Ces prédateurs pervers, loin de se contenter d’une « matière » locale, vont encore plus loin que dans Wonderland, la technologie évoluant, ils vont maintenant consulter et/ou télécharger sur des sites obscurs de l’Internet caché — comme The Darknet, ces réseaux privés virtuels dont les utilisateurs sont considérés comme des personnes de confiance — les images les plus sordides, pour assouvir leurs fantasmes les plus fous. Espaces incontrôlés où eux-mêmes vendent leur production, alimentant ainsi d’immenses bases de données situées dans des paradis pour déviants sexuels. Ces structures organisées de façon professionnelles ont à leur disposition et contre forte rémunération, des informaticiens compétents, des commerciaux efficaces et des patrons en charge de corrompre tel ou tel service de police afin d’obtenir une protection officielle. Car ce « business » rapporte des milliards de dollars et a un potentiel exponentiel de plusieurs millions de clients au fur et à mesure que le Web s’étend sur la planète.
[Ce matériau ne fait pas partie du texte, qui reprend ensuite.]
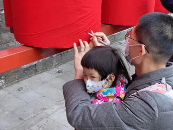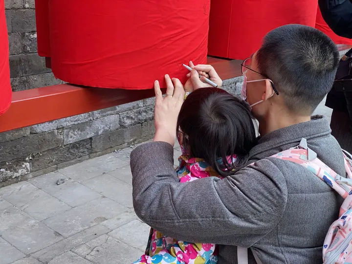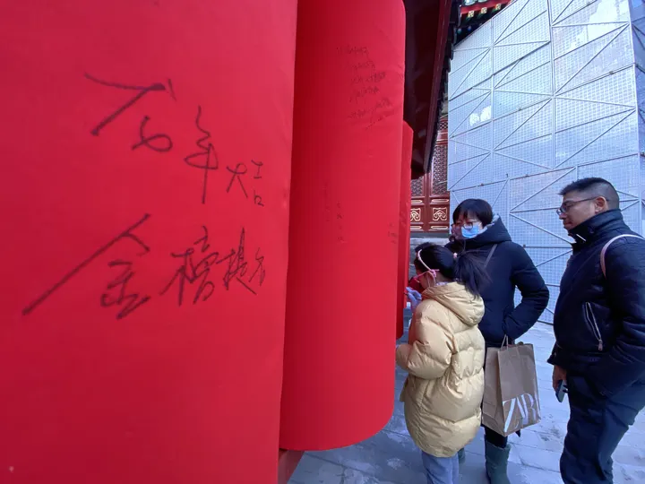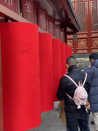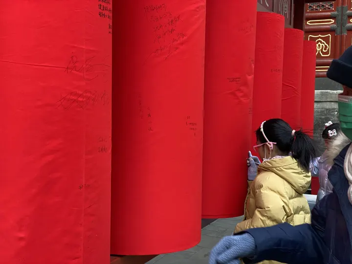 东岳庙里专门设置了几个圆柱形的柱子,外面包着红布,供人们写下新春祈愿。iPhone 11 Pro 拍摄。没有后期,因为没有想法。

Vous découvrirez également l’univers des snuff-movies, la pire des abominations que l’on puisse faire à un être humain. Cette pratique qui consiste à tuer et à enregistrer en diffusant en direct n’est pas une vue de l’esprit comme certains voudraient le faire croire, mais une pratique bien réelle dans notre monde du XXIe siècle. En effet, après des années de doute sur la véracité de ce phénomène, j’ai eu l’occasion de rencontrer une adolescente ressortissante, non pas du tiers-monde, mais d’un pays occidental moralisateur des valeurs et tenant d’une éthique à adopter universellement. Cette jeune fille, que notre organisation avait recueillie et protégée, m’a raconté que ses parents, après l’avoir prostituée, l’avaient vendue à une production vidéo clandestine pour qu’elle y soit violée et assassinée devant des centaines d’internautes. Heureusement pour elle, dans un ultime geste de survie suite à l’assassinat d’une des filles vendues ou capturées, elle réussit à s’enfuir.
Ce roman très bien documenté, vous permettra de découvrir ce que l’on ne veut pas voir et vous aidera peut-être à passer d’une indignation factuelle à une prise de conscience plus large pour la protection des jeunes. Cet ouvrage doit être lu, donné, prêté et doit servir à défendre la cause des enfants maltraités en France et ailleurs.
Innocence en danger constitue une force d’actions, de sensibilisation, de propositions, d’éducation et d’informations auprès des organisations gouvernementales ou non, des instances européennes, internationales, des entreprises et de la population (écoles, collectivités locales, groupes de jeunes). L’association tient le rôle de relais d’information entre l’ensemble de la société civile et les institutions publiques.
Merci de nous soutenir à travers ce livre.